Week 27 was going to be about saying yes to adventure—about leaving on adventures and reminding myself that it’s not a time for stress or worry or anxiety about the unknown, but a time for joy and embracing whatever that unknown is. As I’ve said millions of times, I’m bad at that. I’m bad at doing new things because I don’t see the possibility, but the ways it can go wrong. I see all of the what-ifs and ignore the what could-bes.
But then a beautiful little girl and her parents found themselves in the unimaginable—a tragedy that left their hearts both aching and hopeful, that took their world and reworked it until the words “alive” and “miracle” are used at regular intervals to describe her state of being. And it was in this that I realized saying yes to adventure doesn’t hold the same importance in my heart that it did 27 weeks ago; that maybe in these 52 weeks, saying yes to chaos isn’t just about doing cool things and going out on a Saturday night, its about recognizing the strength in the beautiful humans around me, and it’s acting and loving them in a way that shows them how courageous and strong they are—how courageous and strong they make me want to be. It’s about the reasons to say yes, the people who are on the other side of it…the people I want to show love and care to every day.
And so, week 27 marks the change in my 52 week plan focal point. I can’t just write about adventures and chaos and staying out past 8 pm–fine, 6pm. Right now, they don’t seem important, not like they did.
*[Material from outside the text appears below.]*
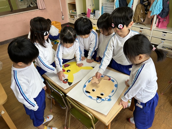 お正月あそび (うめぐみ) 年末年始明け、久しぶりに登園してきた子どもたちは元気いっぱい!楽しかったお話も沢山聞かせてくれましたよ。 新年会で、福笑いやすごろくをした事で興味が湧き、クラス内でも楽しむ姿が見られています!カルタでは字が読めなくても、絵を見ながら「陰で鬼ごっこしてる人!」「プリンセスごっこ!」とお友だちが言うと、その言葉に合った絵札を探していますよ。子どもたちが考えた言葉が、可愛くて面白くてクスッと笑わせてくれます! 2026/01/15

They don’t seem relevant in the same way, because while I’m worrying about something silly and made up in my head, one of the people I love most is worrying about the very real little girl in front of her, and the new life she will live after this. And so, I am going to adapt these next 25 weeks, adapt and understand that life is about learning from those around us, observing them, living with them, appreciating them in a way that is far more tactile and obvious than I’ve been doing. I’m going to love a little harder, and appreciate a lot more, and I am going to look to the miracles in front of me and be strong for them and because of them.
Blakely Grace, you are strong-willed like your mama. You are opinionated and loving and goofy, and I cannot, and will not, ever know what it is to possess the strength you do right now, surviving the unsurvivable, and giving every person in your family the courage to do the same. I want you to know they do it for you; they do it because of you. You are a seven-year-old with sass and smiles, and since the day I met you when you came into this world, I’ve failed to realize that you were not just learning from me and those around you, but you were teaching us. I see it now, sweet girl, I see what your love and strength and bravery can do for the lives around you. And I honor it. I honor you. I honor your mama and daddy and all of the people surrounding you right now, watching you stay upright when everything in the world says you had the right to fall and never get up.
I love you so much, sweet girl, and I am going to be here, loving you and learning from you while you gain back all the strength needed to jump in the pool and run on the beach and have a princess dance party. I’ll see you sometime soon. Until then, I’ll be following your journey every step of the way, cheering you on from the sidelines until you‘re ready for the spotlight again.